Turning more specifically to Cervantes’ classic, Alessandri turns the usual interpretation of the characters in the book on its head:
In the most famous scene of the book, his squire, Sancho Panza, warns Quixote that the giant he is tempted to charge is just a windmill, and, as such, should be left alone. Sancho’s common sense tells him that fights that are sure to be lost are not worth fighting. Yet it is that same common sense that continually keeps Sancho from engaging with the world; likewise, it keeps us from engaging in what are perhaps the worthiest of causes: the lost ones.
Unamuno believed that it was not Quixote but Sancho who was delusional, firm in his belief that windmills are not worth charging, and, more broadly, that unwinnable battles are not worth fighting. The result of this type of thinking will usually be paralysis, since most enemies are windmill-size instead of human-size. Sancho believed that tilting at windmills was dangerous. Today, we might just call it a waste of time, and since common sense also tells us that time is money, we had better steer clear of anything unprofitable…

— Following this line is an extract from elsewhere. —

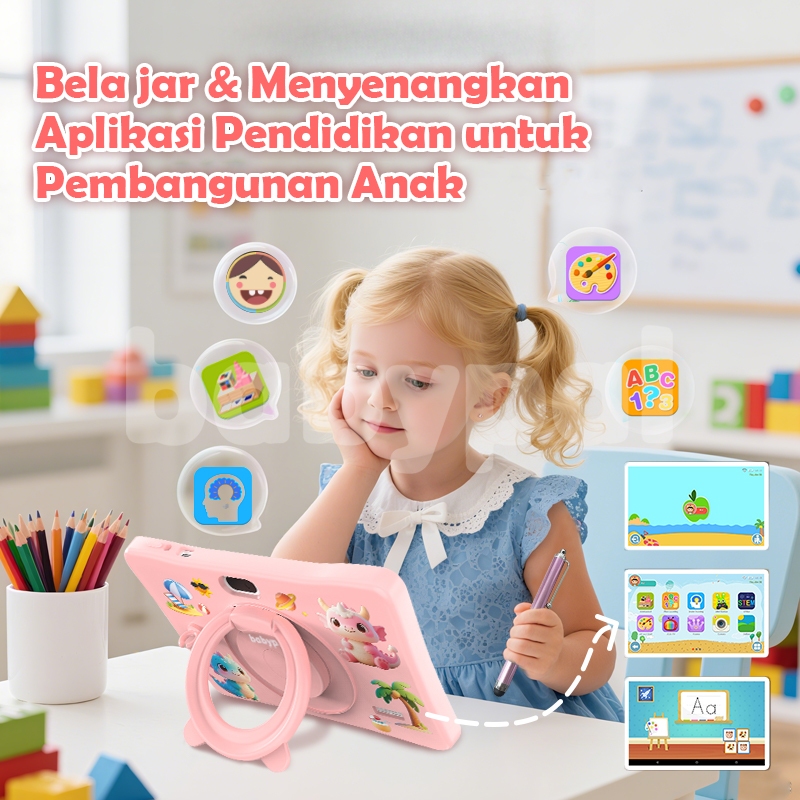 Tablet Anak 7inch, 3200mah Battery Babypal B09 Android 14, Parental Control, Accessories

Three centuries before Unamuno, Cervantes detailed a life in praise of futilely resisting a corrupt world. Quixote fought giants because he could not, in good conscience, not fight them. We can similarly transform ourselves into quixotic pessimists—the kind who are called dreamers, idealists or lunatics—by reading more, rejecting common sense and reinterpreting what constitutes a waste of time. If we happen to succeed by worldly standards, we will be surprised and perhaps pleasantly so; if we fail, we will have expected it. Praise be to uncertain successes and to certain failures alike.

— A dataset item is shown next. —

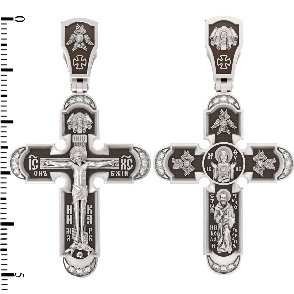 У основания креста в полный рост изображен самый любимый святой Православной Церкви — Николай Чудотворец. Святой почитается как целитель болезней, покровитель путешествующих, особенно по морю, помощник в торговле, учебе, а также в поисках достойного супруга.

Quixote fought giants because he could not, in good conscience, not fight them. Sounds like a lot of us.
In an email discussion of this essay this morning with my friend Andrew Kimball, he added this turn: “I do, though, wonder if there is not more wisdom in the more eastern formulation of duty in the Bhagavad Gita, where one acts simply because it has been given one to do so and not out of passionate personal conviction of one’s own unerring vision or rectitude, which seems to so bedevil the world at present.”
Whether it is karmic destiny or just a stubborn determination to charge the windmill because it was the right thing to do, I’m with Alessandri: Praise be to uncertain successes and to certain failures alike, a concept that applies to politics, life and to making art.
I am in agreement, “adopt the moral courage to fight for lost causes with no concern for what the world thinks.” I will also expand my approach to include “not looking for expected results.” I act because I must do “the next right thing” my action may not be successful in itself but the interconnectedness of the Universe is waiting for that piece to be layed down.
This is great reading, Deb. Thanks I needed that!
Thanks Di. I know we walk this path together…
Great post, thank you. There are a lot of us out here, that heartens me.